Carla Bruni and Laura Bush Interview Mashup: A Tribute to Samuel Beckett’s Happy Days


LAURA, a woman about sixty

CARLA, a woman about forty

An expanse of immaculate green grass slopes down to a center mound.  Trompe-l’oeil backcloth to represent The Windsor Hotel Toya Resort and Spa, the host of the 34th G8 Summit.

Imbedded up to their waists in the mound are LAURA and CARLA, both dressed in pastel designer suits, with a pearl necklace for LAURA and a pillbox hat for CARLA. 

Beside them on the ground to their left is a broken guitar and a collapsible collapsed parasol.

LAURA: I love to walk with a friend. You find you talk so much the whole time, before you know it you’ve walked 45 minutes.

CARLA: When I have to choose, I always choose doing things, so I make great mistakes but I don’t have regrets.

LAURA: It’s a very interesting passage of life when you get to that time in your life when your first child is getting married. And we’re gaining our first son. So it’s a thrill.

CARLA: Sex, very pleasant. It’s one of the advantages of getting older… age increases sensuality and the pleasure.

LAURA: We have to keep comforting our children, but we also have to be very vigilant as American citizens as we go about our work and our business.

CARLA: I am a tamer of men, a cat, an Italian–monogamy bores me terribly.  Am I faithful? To myself! I am monogamous from time to time but I prefer polygamy and polyandry.

LAURA: At one point in my life, I thought I would marry a professor and lead a quiet life in academia and dig in my flower garden.

CARLA: Love lasts a long time but burning desire, two to three weeks.

LAURA: George and I are complete opposites. I’m quiet, he’s talkative. I’m introverted, he’s extroverted. I can pronounce nuclear.

CARLA: I want to have a man who has nuclear power.

LAURA:  Well, the fact is I think it’s hard for any wife, or husband for that matter, to give their spouse a lot of advice. I know, I don’t really want a lot of advice from him and I know he doesn’t really want a lot of advice from me. So I make an effort to only speak out when I really feel like I can’t help but speak out.

CARLA: Everyone knows that husbands are rarely stolen; you either know how to keep them or you don’t.

LAURA: Everyone knows that women love red dresses. In fact, recently at the White House, the night of the Kennedy Center Honors, I had a red dress on–and three other people had the exact red same red dress on! It was a major fashion faux pas.

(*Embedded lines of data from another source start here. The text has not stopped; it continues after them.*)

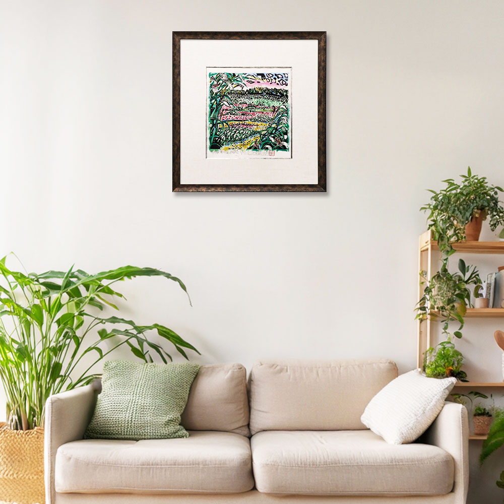 彩色までも版によって行う浮世絵とは違い、ボクネンの手で1点ずつ着色が行われます。そのため、同じ絵柄を何枚も作成できる版画ではあっても、全く同じ色合いの作品はありません。また、和紙の繊維の間から滲み出した色は、表面から直に着色するよりも自然な味わいがあります。
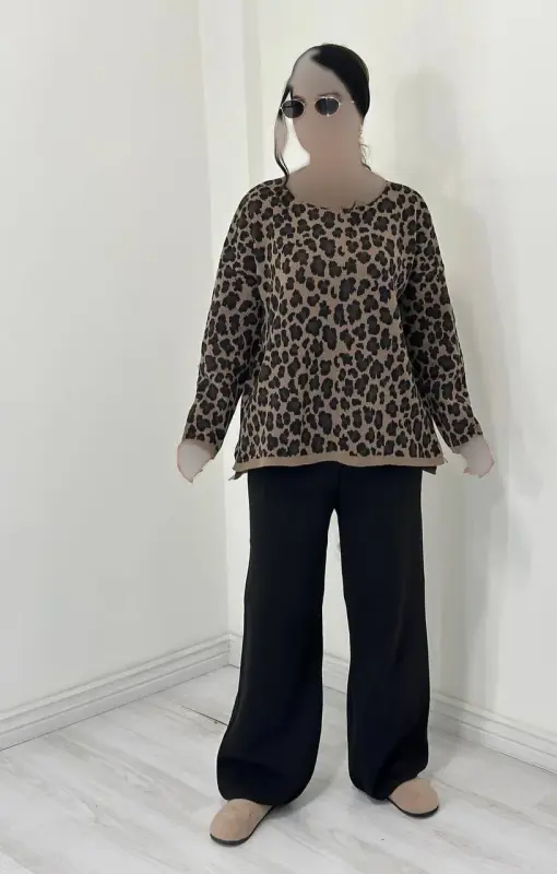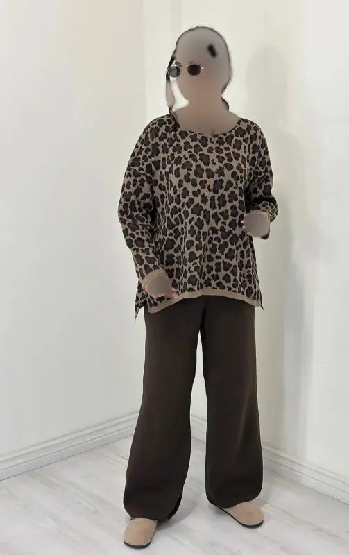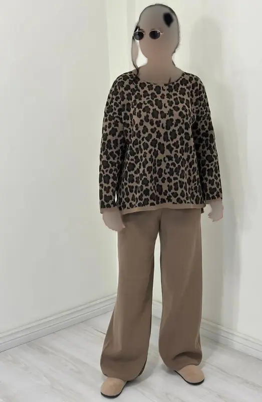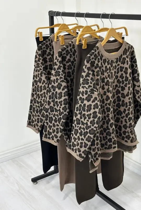 ست بافت پلنگی زنانه پاییزه
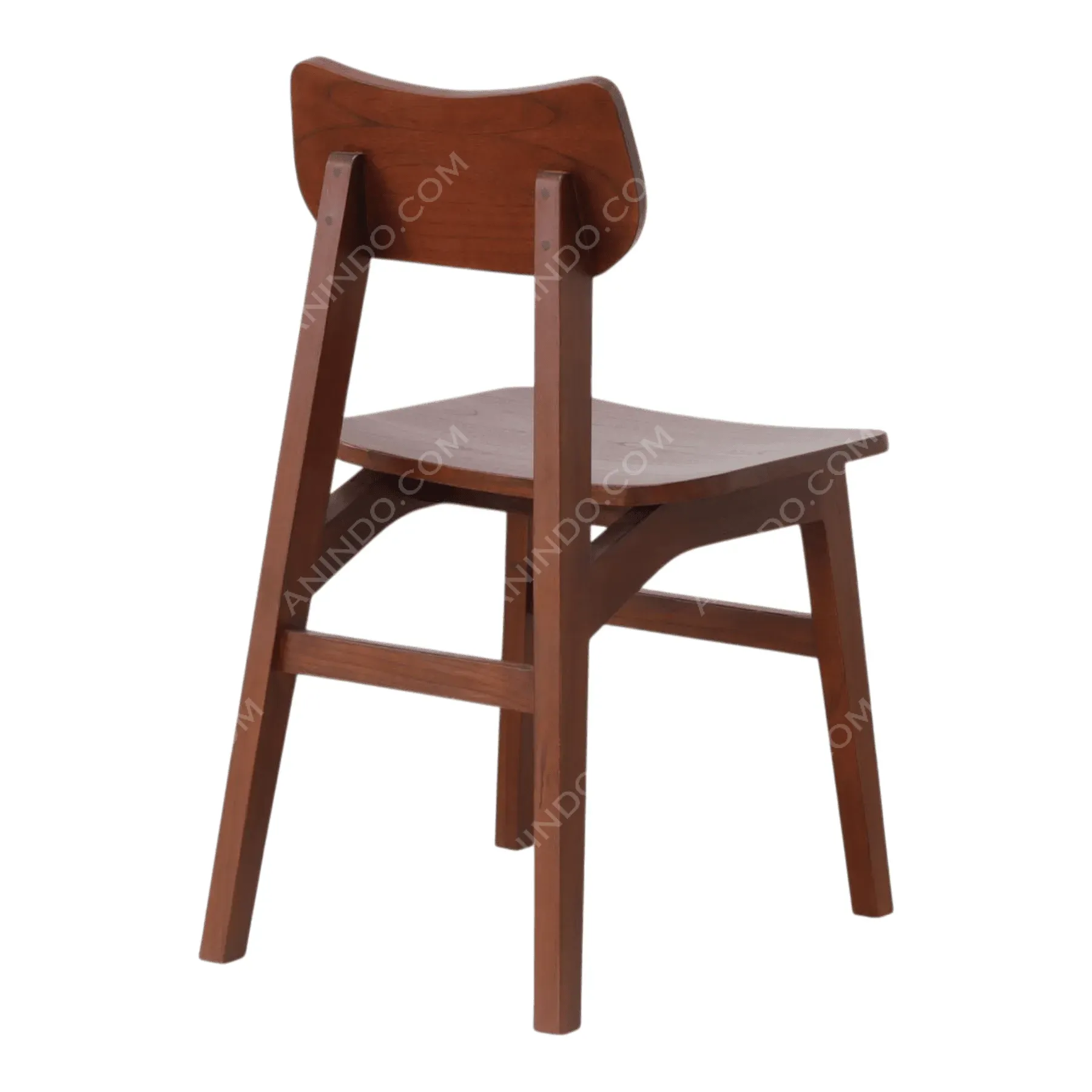 A perfect example of Mid-Century Modern functionalism, this dining chair is defined by its clean, flowing lines and comfortable, sculpted form. The backrest is gently curved and concave, providing ergonomic support, while the seat is subtly scooped. The entire piece is constructed from a rich, Mindy wood, showcasing the beauty of simple, unadorned material. Lightweight yet sturdy, this chair is ideal for a contemporary or transitional dining setting that values elegant simplicity and a smooth, polished finish.

CARLA: I love Yves Saint Laurent. He was the first to mix up red and pink! It was just not done. He had a wonderful garden in Morocco, full of red and pink roses, and he said to himself, Nature does it, and so can I! And he put red dresses with pink belts. It was a fashion mistake before he tried it. People believed the colors would kill each other, but the way he used it was so beautiful, and ageless.

LAURA rummages in a black handbag and removes a mirror. She examines the handle of the mirror, then squints at her reflection.

LAURA: It’s tough. I mean, the polls, that’s, you know that’s… I mean, when we travel around the country, when we visit with people, that’s not what we hear all the time. When they’re good polls  –I think I told you this the last time I interviewed with you, you don’t see them on the front page.

CARLA: I’d rather be called a predator than an old flea-bag. Predator, it’s not that bad for a woman.

LAURA: I hate the stories –all the stories about how I dress.

CARLA: Even when I was having my hair and make-up done backstage at a fashion show, I would sneak in a copy of Dostoevsky and read it inside a copy of Elle or Vogue. But it would be pretentious of me to say I was more intelligent than the other supermodels of that era. I was always just curious about everything.

LAURA: As I grew up I found The Brothers Karamazov to be one of the deepest, most interesting of books I read–one that was the most fun to re-read. Maybe I shouldn’t say fun, given that it is about spiritual struggle, but to read it over and over again at various times in my life was always rewarding. That includes the time I read the book while sitting by a swimming pool in Houston, when I worked as a teacher in the early 1970s. Though the book was Russian, there was always a sort of Texas heat about this memory.

CARLA: Never in my life did I think I would meet the Queen of England.

LAURA: I was the librarian who spent 12 hours a day in the library and yet somehow I met George.

CARLA: My guy, I roll him up and smoke him.

LAURA: I’m having a good time talking about teaching all over America.

CARLA: I miss being a girl but I would like to stay sexy and seductive.

LAURA: Some of my fondest memories as a child are of curling up in my mother’s lap and listening to her read to me.

CARLA: I am a child. Despite my forty years. Despite my thirty lovers. A child.

LAURA: I loved the Laura Ingalls Wilder books, and I identified with Laura because of her name and her brown hair.